TO DO
An exact copy of the lines of the listing below between the "Handvävd i röllakansteknik" line and the "3−2では、国語の「はりねず" line, both included, is the whole answer; please omit the pictures.

⟨

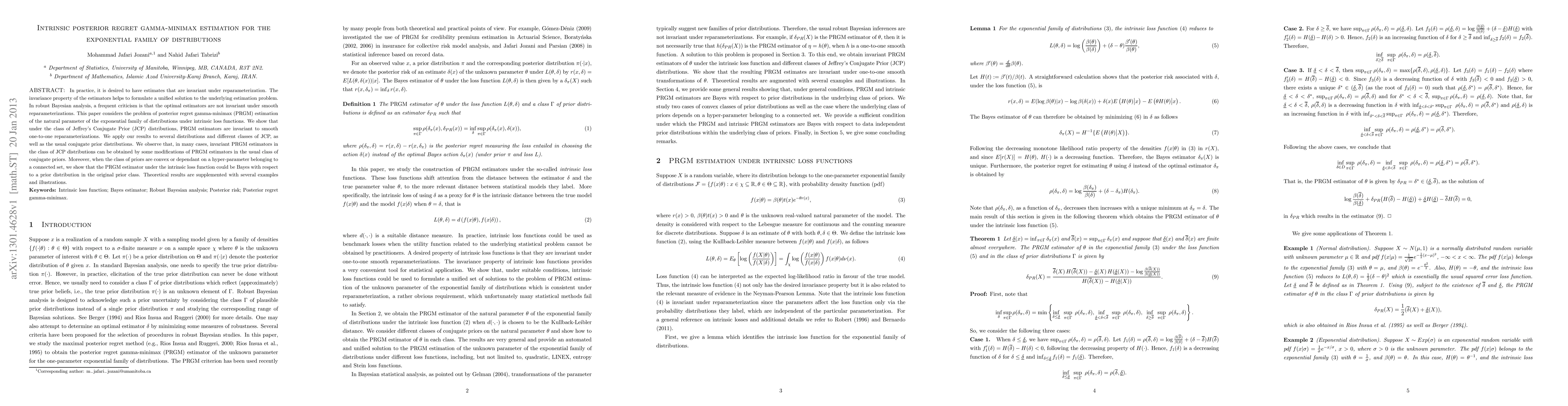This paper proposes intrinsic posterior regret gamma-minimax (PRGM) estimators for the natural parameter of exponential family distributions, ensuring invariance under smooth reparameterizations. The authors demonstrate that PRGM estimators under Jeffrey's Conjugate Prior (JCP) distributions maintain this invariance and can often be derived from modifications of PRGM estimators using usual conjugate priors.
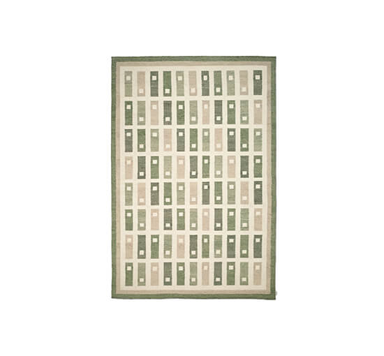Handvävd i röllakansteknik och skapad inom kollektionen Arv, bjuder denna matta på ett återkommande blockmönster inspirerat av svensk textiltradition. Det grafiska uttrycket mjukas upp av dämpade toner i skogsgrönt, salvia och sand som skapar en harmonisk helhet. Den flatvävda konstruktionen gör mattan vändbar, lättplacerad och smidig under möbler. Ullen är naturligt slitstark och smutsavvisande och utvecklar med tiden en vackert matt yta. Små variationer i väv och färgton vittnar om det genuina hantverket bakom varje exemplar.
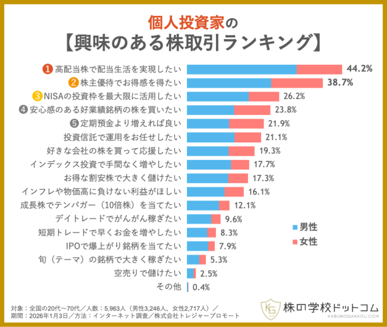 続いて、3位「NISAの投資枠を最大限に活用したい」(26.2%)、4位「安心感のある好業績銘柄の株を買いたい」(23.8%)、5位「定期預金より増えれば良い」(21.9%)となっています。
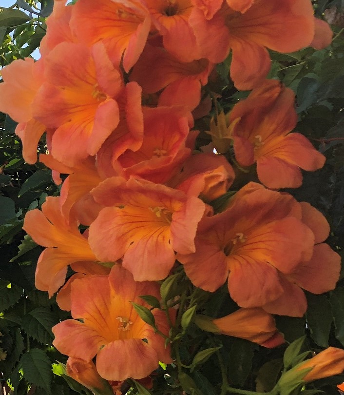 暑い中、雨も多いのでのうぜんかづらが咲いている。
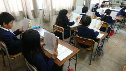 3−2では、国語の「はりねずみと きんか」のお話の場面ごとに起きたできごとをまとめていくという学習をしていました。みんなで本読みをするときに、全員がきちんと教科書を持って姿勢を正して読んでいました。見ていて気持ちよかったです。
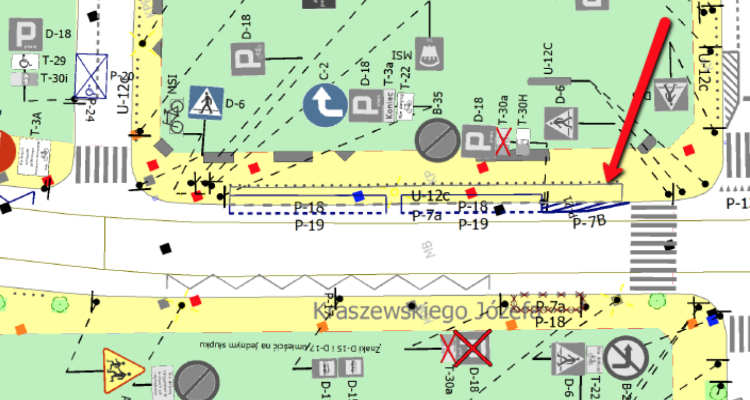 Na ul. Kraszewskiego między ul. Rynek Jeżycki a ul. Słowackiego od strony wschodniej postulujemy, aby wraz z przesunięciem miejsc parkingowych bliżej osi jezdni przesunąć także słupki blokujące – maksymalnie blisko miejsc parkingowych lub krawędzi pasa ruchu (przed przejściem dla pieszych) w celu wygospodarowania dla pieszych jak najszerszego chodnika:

⟩

EXERCISE SOLUTION
Handvävd i röllakansteknik och skapad inom kollektionen Arv, bjuder denna matta på ett återkommande blockmönster inspirerat av svensk textiltradition. Det grafiska uttrycket mjukas upp av dämpade toner i skogsgrönt, salvia och sand som skapar en harmonisk helhet. Den flatvävda konstruktionen gör mattan vändbar, lättplacerad och smidig under möbler. Ullen är naturligt slitstark och smutsavvisande och utvecklar med tiden en vackert matt yta. Små variationer i väv och färgton vittnar om det genuina hantverket bakom varje exemplar.
 続いて、3位「NISAの投資枠を最大限に活用したい」(26.2%)、4位「安心感のある好業績銘柄の株を買いたい」(23.8%)、5位「定期預金より増えれば良い」(21.9%)となっています。
 暑い中、雨も多いのでのうぜんかづらが咲いている。
 3−2では、国語の「はりねずみと きんか」のお話の場面ごとに起きたできごとをまとめていくという学習をしていました。みんなで本読みをするときに、全員がきちんと教科書を持って姿勢を正して読んでいました。見ていて気持ちよかったです。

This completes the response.